─── Given data
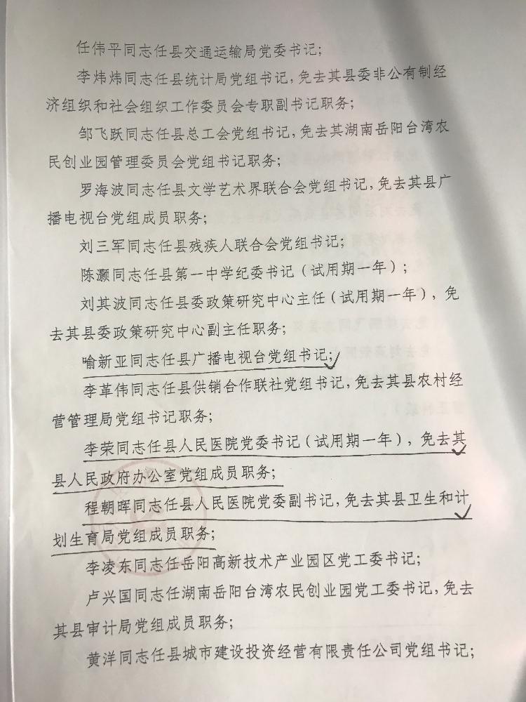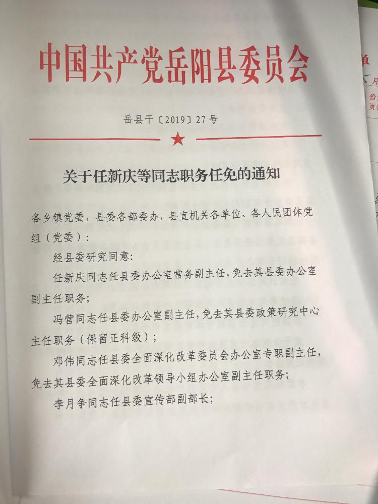 关于任新庆等同志职务任免通知(李荣、程朝晖)
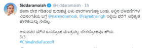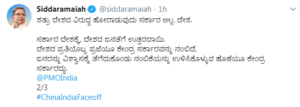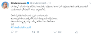 ಹಾಗೇ ಮುಂದುವರಿದು ಸರಣಿ ಟ್ವೀಟ್ ಗಳನ್ನು ಮಾಡಿರುವ ಅವರು, ದೇಶಕ್ಕಾಗಿ ಬೆವರು-ರಕ್ತ ಹರಿಸಿದ ನಾಯಕರ ಪಕ್ಷವಾದ ಕಾಂಗ್ರೆಸ್ ಪಕ್ಷ ಭಾರತದ ಏಕತೆ, ಅಖಂಡತೆ ಮತ್ತು ಸಾರ್ವಭೌಮತೆಗೆ ಸದಾ ಬದ್ಧವಾಗಿದೆ. ವೀರ ಸೈನಿಕರ ಬಲಿದಾನ ವ್ಯರ್ಥವಾಗಬಾರದು. ಹುತಾತ್ಮರ ಕುಟುಂಬಕ್ಕೆ ಗೌರವದ ಶ್ರದ್ಧಾಂಜಲಿ ಸಲ್ಲಿಸೋಣ. ಚೀನಾದ ದುಷ್ಕೃತ್ಯವನ್ನು ಒಕ್ಕೊರಲಿನಿಂದ ಖಂಡಿಸೋಣ ಎಂದು ಸಿದ್ದರಾಮಯ್ಯ ಭಾರತ-ಚೀನಾ ಯೋಧ ನಡುವಿನ ಸಂಘರ್ಷದಲ್ಲಿ ಹುತಾತ್ಮರಾದ ಭಾರತೀಯ ಯೋಧರಿಗೆ ಗೌರವ ನಮನ ಸಲ್ಲಿಸಿದ್ದಾರೆ.
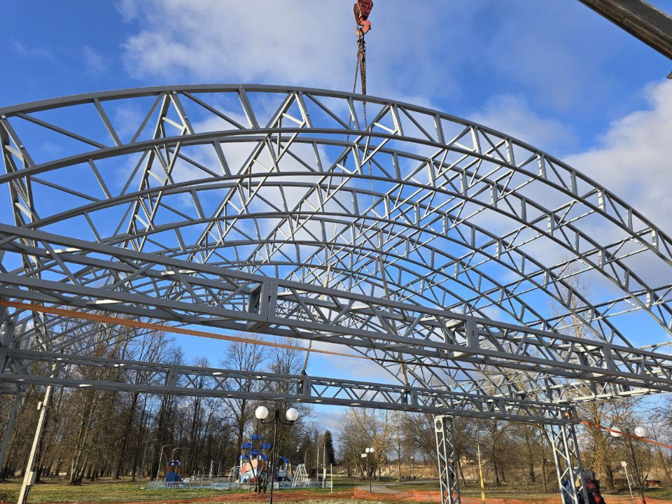 В нижней зоне парка «Ривьера» начались работы по возведению современной профессиональной сцены. Строительная бригада завершила подготовку участка и приступила к монтажу металлического каркаса будущей конструкции.
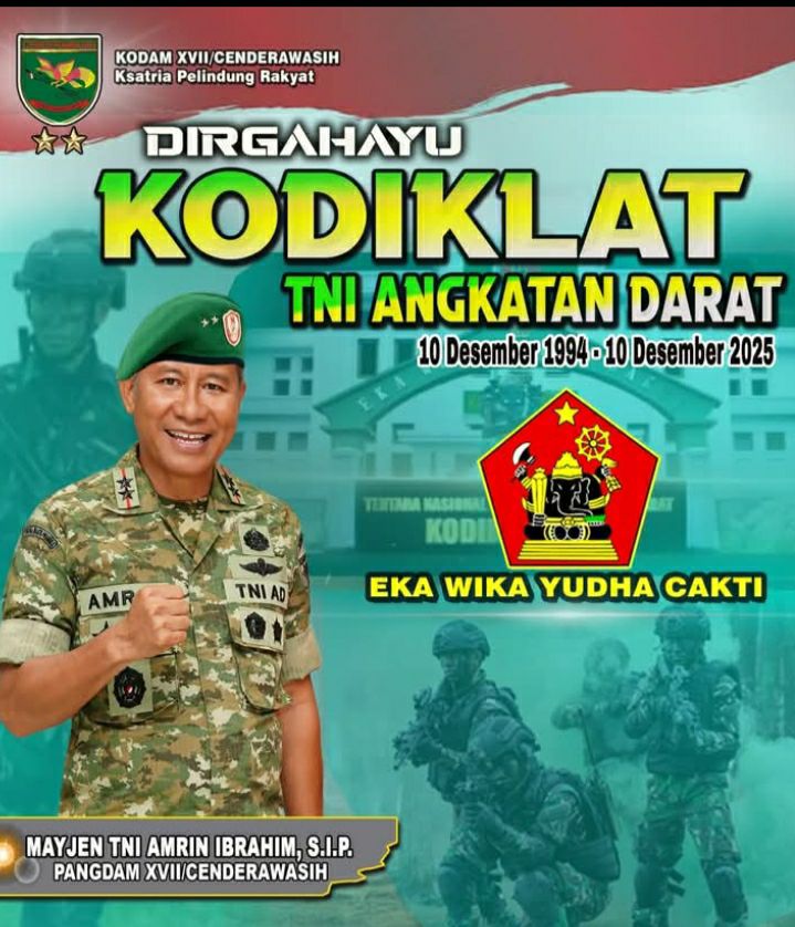 Jayapura, 10 Desember 2025 – Komando Daerah Militer (KODAM) XVII/Cenderawasih menggelar acara syukuran dalam rangka memperingati Hari Ulang Tahun (HUT) Komando Pembinaan Doktrin, Pendidikan dan Latihan (KODIKLAT) TNI Angkatan Darat (AD). Acara yang berlangsung khidmat ini menjadi momentum penting untuk meneguhkan komitmen dalam meningkatkan profesionalisme prajurit, khususnya di wilayah paling timur Indonesia.
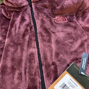 Warm maroon fleece jacket by The North Face. Features a full zip and plush texture.
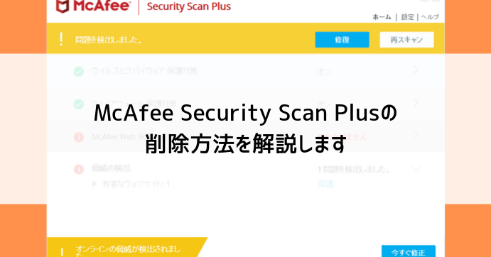 「McAfee Security Scan Plus」をアンインストールするための手順は以下の通りです。
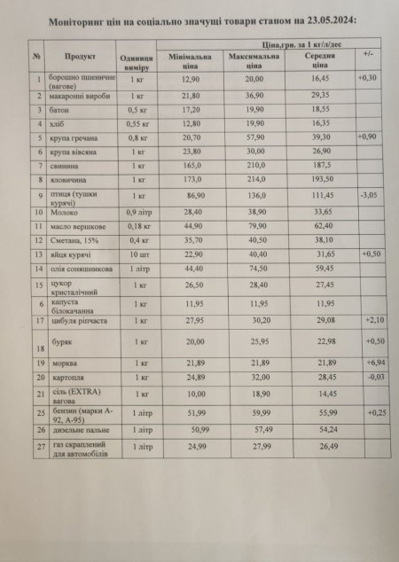 Кременчуцьке районне управління Держпродспоживслужби провело моніторинг цін на соціально значущі товари у торговельних закладах району станом на 23 травня. З цією інформацією наше видання ознайомила Кременчуцька районна військова адміністрація.
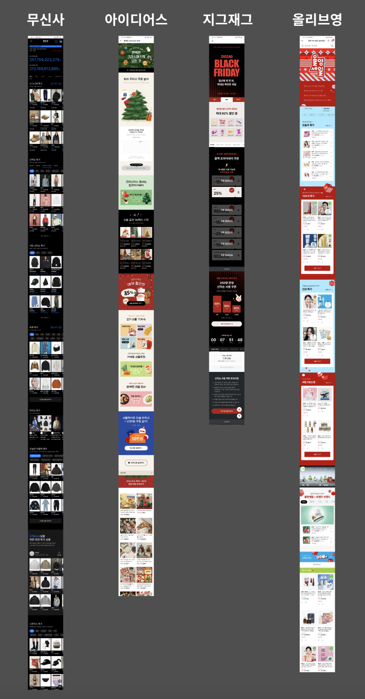 블랙 프라이데이, 연말 이벤트는 이커머스의 가장 중요한 행사인 만큼. 고객이 이탈하지 않도록 쭉쭉 스크롤 하며 끊임없이 상품을 탐험하게 만들고 있어요. 요즘 문득 스크롤 하다가 '어머! 맞아 이거 필요했었어.' 하지는 않았나요? 무신사와 올리브영은 스크린샷을 모두 다 담을 수 없을 정도로 긴 이벤트 페이지를 구성했어요. 주로 가격이 강점인 아이템들을 키워드별로 나누어 볼 수 있게 구성했어요.
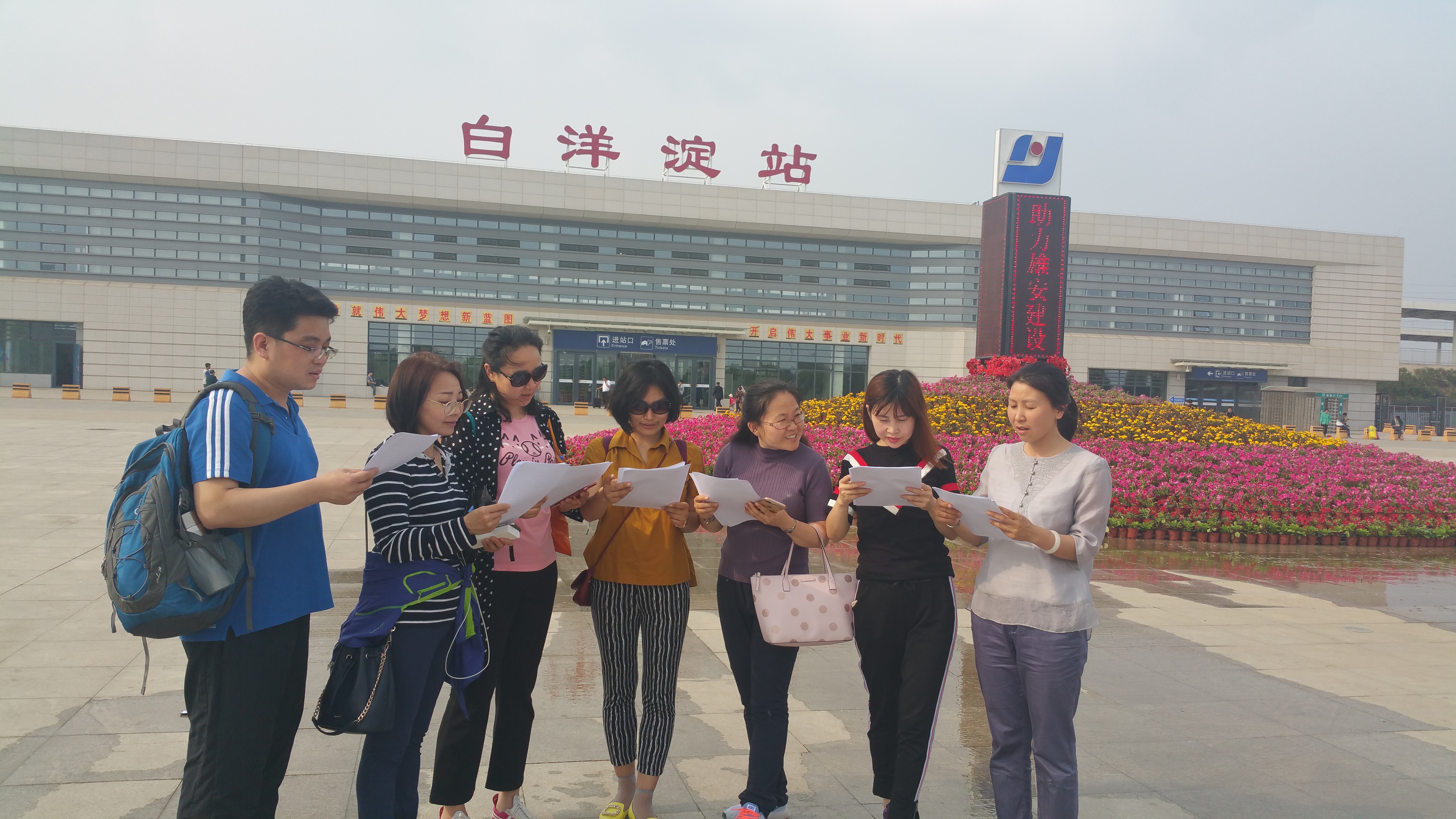 在容城白洋淀火車站候車廣場上,同志們利用候車時間,開展了以“感受新時代——學習《習近平談治國理政》第二卷誦讀活動”為主題的現場學習會,同志們分別誦讀了《用共產黨員的標準嚴格要求自己》《加快建設世界一流大學和一流學科》兩篇文章。
──────
Task requirements :: Look above for the line with "Warm maroon fleece", then give again exactly every line from there through the line with "Кременчуцьке районне управління", skipping the pictures.

The completed task ::
 Warm maroon fleece jacket by The North Face. Features a full zip and plush texture.
 「McAfee Security Scan Plus」をアンインストールするための手順は以下の通りです。
 Кременчуцьке районне управління Держпродспоживслужби провело моніторинг цін на соціально значущі товари у торговельних закладах району станом на 23 травня. З цією інформацією наше видання ознайомила Кременчуцька районна військова адміністрація.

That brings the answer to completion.